2
votes

How can I split a lazy bytestring with another bytestring (e.g. "\r\n")? I'm looking for a function like the following:

BSL.ByteString -> BSL.ByteString -> [BSL.ByteString]

I know about breakSubstring but that function is only available for strict bytestrings. I also saw this question, but the solution is using a strict bytestring.

1
Is converting to and from a strict bytestring, or copying the definition of breakSubstring (it uses take and isPrefixOf which are available for Lazy bytestrings) a suitable solution?user2407038
@user2407038 Converting to and from strict is not an option. I'm currently using a strict bytestring and trying to switch to a lazy bytestring because of memory usage. The breakSubString function uses a number of unsafeX functions that are not available for lazy bytestrings. Maybe I can use the normal functions.Martijn Rijkeboer

1 Answers

2
votes

Answering my own question: I have created a pull request that adds breakSubstring to Data.ByteString.Lazy (adapted from the strict version).
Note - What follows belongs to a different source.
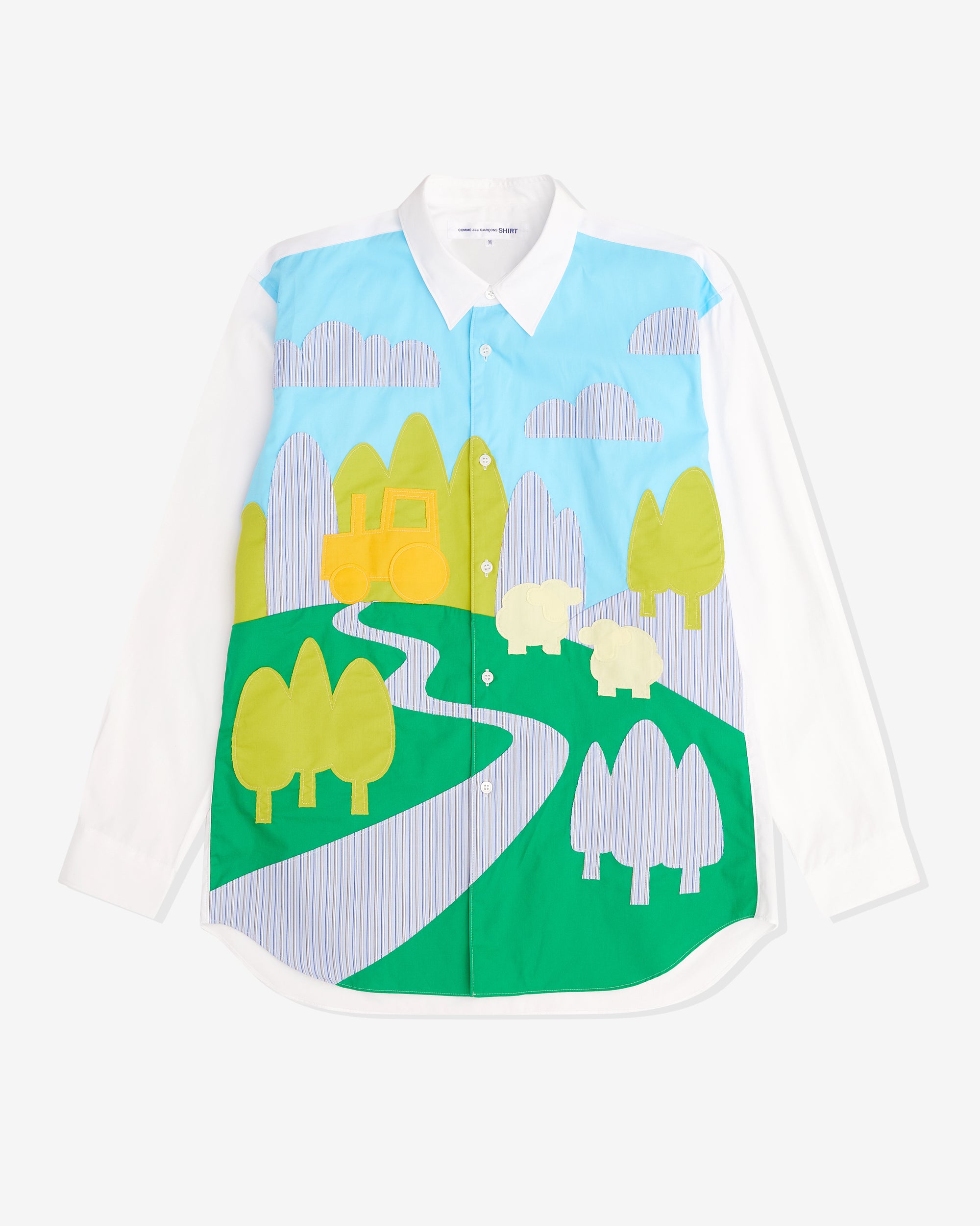 Point collarCurved hemPatch chest pocketButton placketButton cuffsSewn-on farmyard scene

Until the pull request is merged, the following code can be used:

{-# LANGUAGE BangPatterns #-}

module Lib (breakSubstring) where

import Data.Bits (finiteBitSize, shiftL, (.|.), (.&.))
import Data.Word (Word32)
import Prelude

import qualified Data.ByteString.Lazy as BSL


breakSubstring
  :: BSL.ByteString
  -> BSL.ByteString
  -> (BSL.ByteString, BSL.ByteString)
breakSubstring pat =
  case lp of
    0 -> \src -> (BSL.empty, src)
    1 -> BSL.break (== BSL.head pat)
    _ -> if lp * 8 <= fromIntegral (finiteBitSize (0 :: Word))
             then shift
             else karpRabin
  where
    lp = BSL.length pat
    karpRabin :: BSL.ByteString -> (BSL.ByteString, BSL.ByteString)
    karpRabin src
        | BSL.length src < lp = (src, BSL.empty)
        | otherwise = search (rollingHash $ BSL.take lp src) lp
      where
        k           = 2891336453 :: Word32
        rollingHash = BSL.foldl' (\h b -> h * k + fromIntegral b) 0
        hp          = rollingHash pat
        m           = k ^ lp
        get = fromIntegral . BSL.index src
        search !hs !i
            | hp == hs && pat == BSL.take lp b = u
            | BSL.length src <= i              = (src, BSL.empty)
            | otherwise                        = search hs' (i + 1)
          where
            u@(_, b) = BSL.splitAt (i - lp) src
            hs' = hs * k +
                  get i -
                  m * get (i - lp)
    {-# INLINE karpRabin #-}

    shift :: BSL.ByteString -> (BSL.ByteString, BSL.ByteString)
    shift !src
        | BSL.length src < lp = (src, BSL.empty)
        | otherwise           = search (intoWord $ BSL.take lp src) lp
      where
        intoWord :: BSL.ByteString -> Word
        intoWord = BSL.foldl' (\w b -> (w `shiftL` 8) .|. fromIntegral b) 0
        wp   = intoWord pat
        mask = (1 `shiftL` fromIntegral (8 * lp)) - 1
        search !w !i
            | w == wp             = BSL.splitAt (i - lp) src
            | BSL.length src <= i = (src, BSL.empty)
            | otherwise           = search w' (i + 1)
          where
            b  = fromIntegral (BSL.index src i)
            w' = mask .&. ((w `shiftL` 8) .|. b)
    {-# INLINE shift #-}